No one has to abandon the systems they already use. They just stop each working from their own version of the customer, and start working from the same one.

AI drafts. Humans decide.

At Autodesk, AI does the first pass, pulling evidence together in seconds. Customer feedback, research, support interactions, operational metrics, and dashboard data all flow into the system. AI groups related signals, drafts opportunities, and suggests where teams might focus next.

People then review the output, decide whether the signals belong together, interpret their meaning, and determine which opportunities are worth pursuing. Prioritization happens through RICE, using Reach, Impact, Confidence, and Effort as a common framework across product, digital, and marketing teams.

On stage at Forrester, Florian demonstrated what that looks like in action. A narrative built around a single "How might we?" statement, complete with linked insights, supporting evidence, opportunities, and journey context, appeared in about ten seconds. "And it's spot on," he marveled.

Before AI, assembling the same story took roughly two hours in PowerPoint.

journeys into shared AI context

Connecting customer experience to business outcomes

At Autodesk, journey management is powered by TheyDo’s experience context platform, which surfaced roughly 50 pain points across the customer experience. Working with the CX action management team, those opportunities were prioritized and acted on through the platform.

The result was a 10-point improvement in Customer Effort Score, along with measurable gains in customer retention.

Florian said the work is increasingly moving beyond operational improvements. Alongside fixing today's friction points, the team invests in what he calls Horizon 2 research, creating vision prototypes for experiences that may be realistic in three or four quarters. The goal isn't to predict the future years in advance. It's to give teams something concrete they can design toward now.

The real job of AI

Autodesk's experience suggests that enterprise AI succeeds or fails long before anyone writes a prompt. Models can summarize information, connect signals, and surface patterns. What they can't do is create agreement where none exists.
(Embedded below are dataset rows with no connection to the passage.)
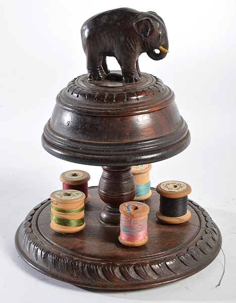 AN EARLY 20TH CENTURY THREAD STAND WITH ELEPHANT FINIAL, INCLUDING THREAD
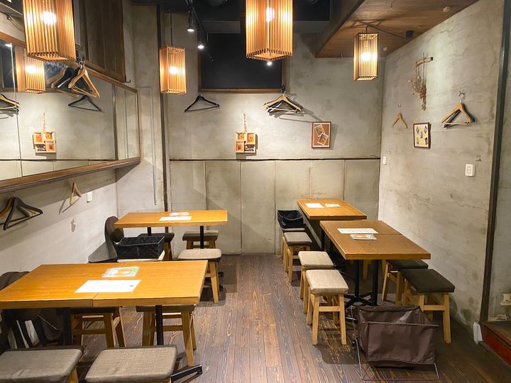 「氷おばけ」は、居酒屋を間借りしてオープンしたかき氷専門店。店内は地下、地上、2階の3フロアになっていて、座席がテーブルとカウンターで全38席。間借りのため営業時間が時期によって異なりますが、夏季は11〜21時の朝から晩まで営業しているので仕事帰りにふらっと寄れるのでうれしい!
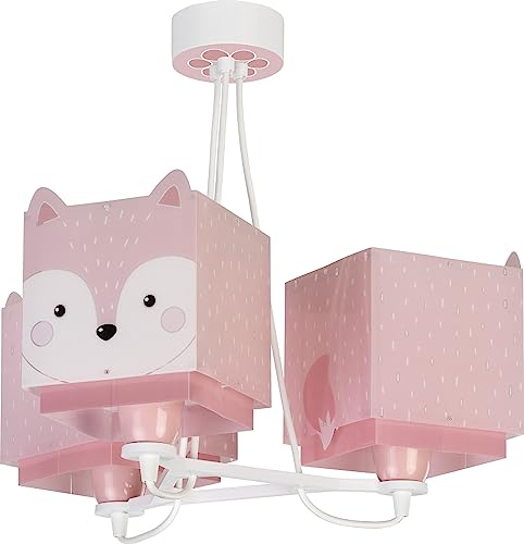 Dalber Lampe Suspension Enfant 3 Lumières Little Fox Renard animaux rose, 64587, E27
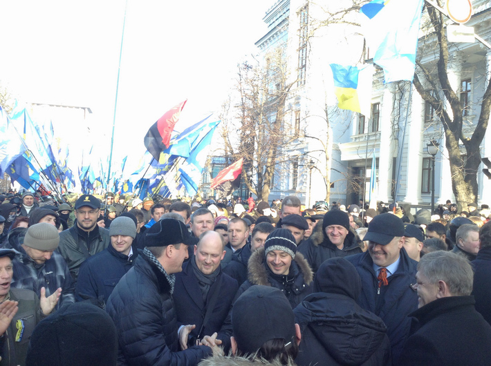 "Украинский народ идет выражать свое мнение с требованием проголосовать сегодня за решения, которые позволят сегодня решить вопросы конституционной реформы... Мы мирно наступаем на парламент, мы блокируем Верховную Раду", - сообщил Тягнибок.
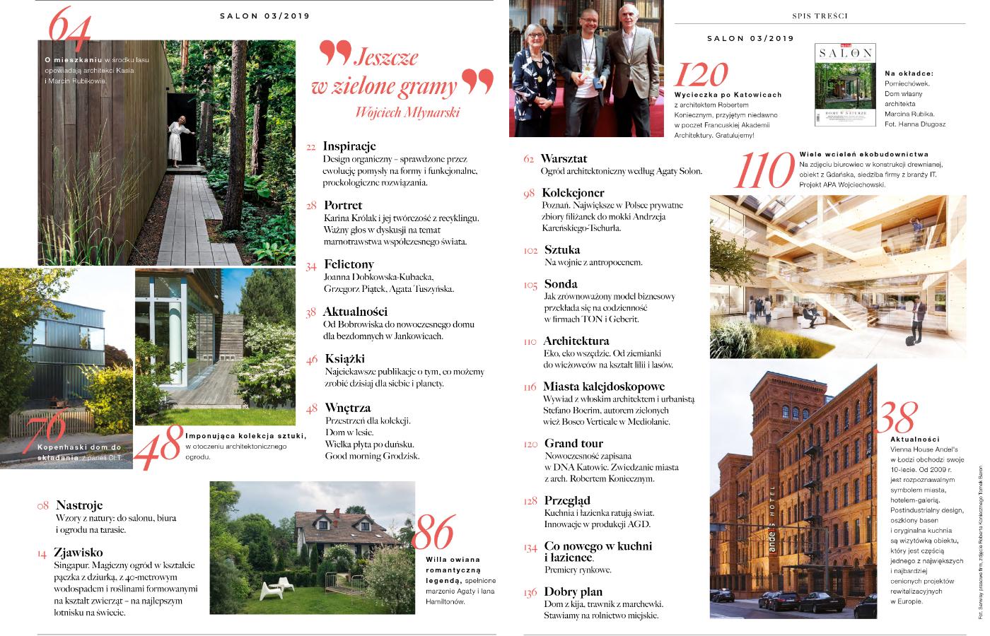 Najnowszy numer „Salonu” poświęcony jest naturze i ekologii – piszemy o zielonej architekturze, rolnictwie miejskim, designie organicznym i ekomateriałach wykorzystywanych w budownictwie i wzornictwie. Tak jak w poprzednim numerze inspirujemy pokazując najlepsze projekty domów i ogrodów, zrealizowane z wykorzystaniem innowacyjnych technologii, zrównoważonych materiałów i proekologicznych rozwiązań (m.in. dom w lesie pary architektów Marcina i Katarzyny Rubików; dom w angielskim ogrodzie, zaprojektowany przez Piotra i Dorotę Szaroszyków oraz zrewitalizowaną przez brytyjskiego architekta Iana Hamiltona ponad 100-letnią podwarszawską willę). Rozmawiamy z uznanymi architektami: ze Stefano Boeri, twórcą zielonych wieżowców na kształt lasów w Mediolanie oraz Robertem Koniecznym o innowacyjnych i zielonych Katowicach. Zachęcamy do ekologicznych nowinek oraz lektury najciekawszych książek poświęconych ekologii i życiu zgodnie z naturą.

"Journeys provide that shared context, empowering decision-making," Florian said. "Not only listening to the loudest voice in the room, but creating an equal playing field through the information that is available in the journeys that we are managing centrally."

That's why Florian sees journey management as more than a way to document customer experiences. It gives people, and increasingly AI, a shared understanding to reason from.

For organizations struggling to trust their own AI outputs, that may be the most important lesson from Autodesk's experience.


Florian Vollmer presented “From Journeys to Shared Decision Context” at Forrester CX Forum San Francisco on June 29, 2026.